= Hanging of Patrick O'Connor =

Execution carried out after the first murder trial in Iowa

The hanging of Patrick O'Connor happened on June 20, 1834, in Dubuque, Michigan Territory, to a man convicted in Iowa's first murder trial. He was an immigrant from Ireland to the United States. The hanging occurred after his attempted lynching on May 19, 1834. The case and others like it showed a need for formal laws in the territory.

==Murder of George O'Keaf==
O'Connor was born in Ireland in 1797 and immigrated to Galena, Illinois, in 1826. Two years later, he broke his leg, requiring amputation. This helped make him a quarrelsome trouble maker. He shot a merchant, who survived.

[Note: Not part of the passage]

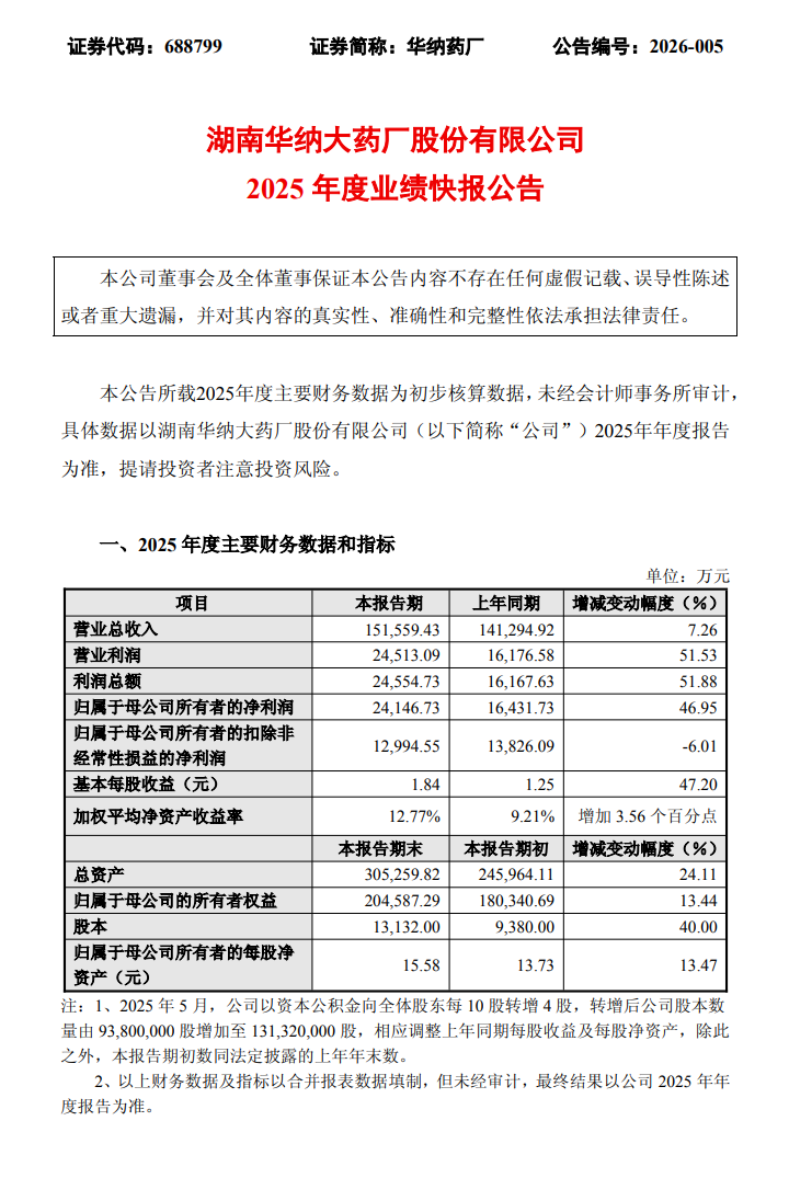 2月13日,华纳药厂(688799.SH)披露2025年度业绩快报,全年营业收入15.16亿元,上年同期14.13亿元,同比增长7.26%;利润总额2.46亿元,上年同期1.62亿元,同比增长51.88%;归属于上市公司股东的净利润2.41亿元,上年同期1.64亿元,同比增长46.95%;归属于上市公司股东的扣除非经常性损益的净利润1.30亿元,上年同期1.38亿元,同比下降6.01%;基本每股收益1.84元,上年同期1.25元,同比增长47.20%。

Some men considered lynching him, then decided otherwise when he promised them he would leave Galena.

After leaving Galena, O'Connor traveled to Dubuque, Michigan Territory, to work in the lead mines. In 1833, he met fellow Irishman George O'Keaf. They built a cabin two miles south of Dubuque. On May 19, 1834, O'Keaf traveled to Dubuque to gather supplies and returned with one of his friends near 2 pm. After O'Connor refused to unlock the door, O'Keaf broke it down with his shoulder. O'Connor was sitting in a bench on the opposite side and fatally shot him once with a musket. O'Keaf's friend reported this to the nearest cabin. When multiple miners asked O'Connor why he did it, he responded: "That is my business". He ordered them to bury the body. Some considered hanging O'Connor, and others wanted a trial. He was thus taken to Dubuque.

==Trial==
The trial was held on May 20, 1834, making it the first murder trial in Iowa. O'Connor was given the right to select the jury and it took place outside, under an elm tree. The jury, seated on a log, listened to the testimonies of witnesses. After the arguments from the defense and prosecution, the jury found O'Connor was guilty of first degree murder. He was sentenced to be hanged on June 20, 1834.

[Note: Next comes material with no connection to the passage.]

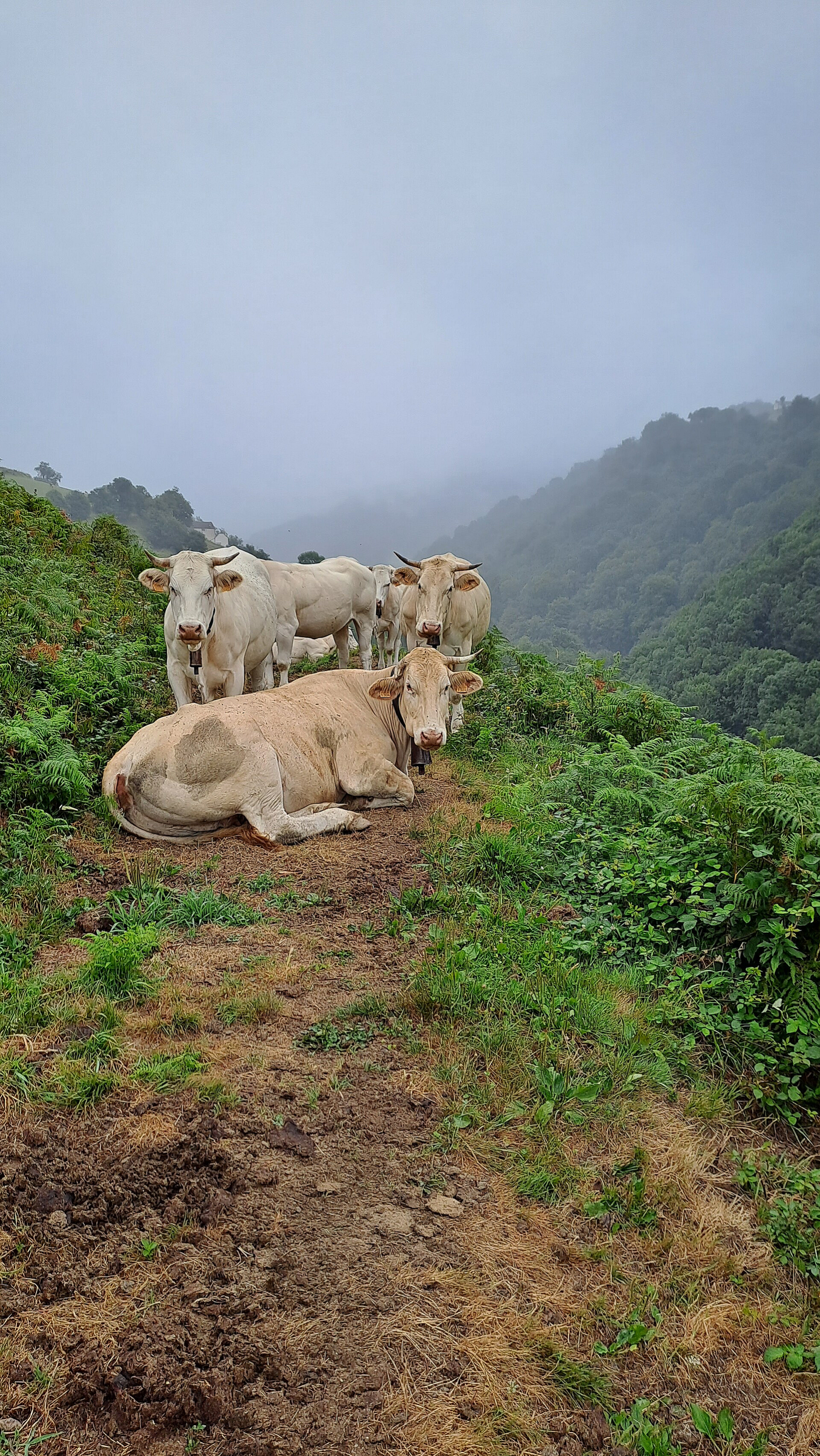 From here there was a long stretch of farm track traversing the side of Sarimendi (1484m) and Izeyto (1464m) which I'm sure would've given great views but I was staring into white mist, cloud, fog or whatever it was .. my new term was going to be damn brouillard! Think that means fog, but at least I don't have to classify it in English now, and to me it sounded a much better word to utter with annoyance!

During the month after the trial, O'Connor asked for a pardon or commutation of his sentence. The governor of Missouri said he did not have the power to grant a pardon and President Andrew Jackson said that "Congress had not extended the laws of the United States to that part of the country". At 1 pm on June 20, 1834, he was hanged.

==Aftermath==
Because of this incident and others like it, Congress provided laws for the Iowa territory. On June 28, 1834, President Jackson approved an act which extended the "boundaries of Michigan to the Missouri and White Earth rivers and embracing all the territory between the northern boundary of Missouri and the Forty-Ninth Parallel". This ensured the beneficiaries of the Black Hawk Purchase would have the authority and protection of the United States.